A more appropriate and objective comparison of fetal weight estimation models can be made if the model coefficients (for both new models and those from the literature) are derived from the same local study population. Our data underscores the importance of using sample specific model coefficients in comparing the performance of new weight estimation models with published methods (Table 1). Studies that do not compare models with sample-specific coefficients are subject to weight estimation errors due to differences in sample characteristics, which appear to affect systematic errors more than random errors. In this context, Siemer and colleagues (56) retrospectively compared 3,975 pregnancies with commonly used weight estimation models derived from regression analysis (57-60). The Hadlock model (BPD, AC, FDL) had the lowest systematic weight estimation error of -0.28 percent (22,23). Seven other models had systematic errors ranging from -8.84% to +5.28%. The best random weight estimation error of 9.49% (SD of percent differences) resulted from using the model of Dudley (EFW = 0.32 × AC² × FDL +0.053 × HC² × FDL) (60). By comparison, the Hadlock model had a random weight estimation error of 10.0 percent in their study. Many of these discrepancies may have resulted from comparing models that were derived from different populations. In our investigation, the original Hadlock model (OH2) had a mean error of 7.7 ± 8.5%; the systematic weight estimation error was improved by applying a modified Hadlock MH2 model (0.29 ± 7.6%), using specific coefficients from our patient sample.

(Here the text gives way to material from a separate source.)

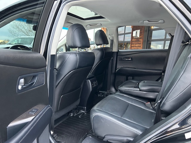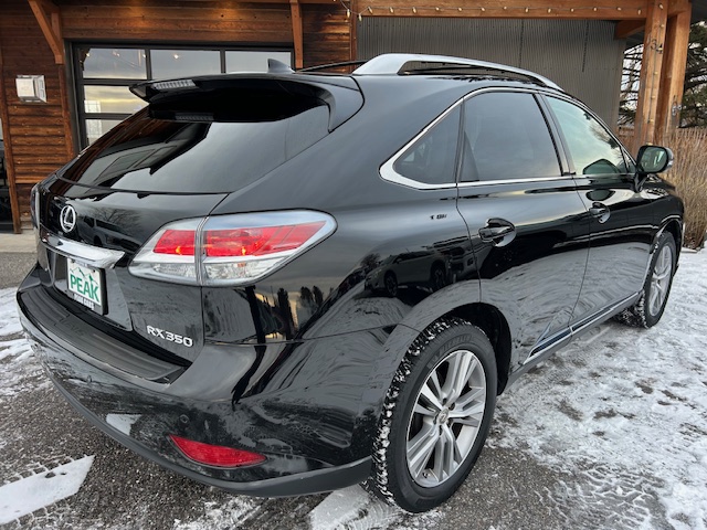 This is a 2015 Lexus RX 350 all-wheel drive SUV with the 3.5L 6-cylinder gas engine and a 6-speed automatic transmission. It is Stargazer Black in color with black leather interior and has 107,000 miles. It has heated and cooled leather seats, 12-speaker factory stereo/CD player, power glass moonroof, Lexus Enform navigation system with voice command, back-up camera, 19-inch factory alloy wheels with nice Michelin Cross Climate snow rated all-season tires, Comfort package with xenon headlights, privacy glass, roof rack, fog lights, park assist, blind spot monitor, cruise control and all power options. It also has the Tech package with center console control. It is EPA rated for 18mpg city and 24mpg highway. This Lexus is a two-owner from Woodland Hills, California that has been very well maintained and has been non-smoker owned. This is a timing chain car not a timing belt. CARFAX guaranteed, professionally serviced and detailed.

Our results indicate that fractional limb volume can be combined with 2D sonographic predictors of the head and trunk to improve the precision of EFW. Inclusion of a limb soft tissue component may also provide a novel index of fetal soft tissue development as part of the weight estimation procedure. Several statistical modeling techniques were used to develop optimal fetal weight estimation models that included soft tissue parameters. The substitution of fractional limb volume for FDL, use of natural logarithmic transformations with weighted regression analysis, and selective application of squared transformed parameter terms essentially reduced the random error to 6.6%. A validation study from an independent sample is currently underway to examine the performance of these new fetal weight estimation models in all weight groups, including macrosomic fetuses, before they can be confidently adopted for routine obstetrical care.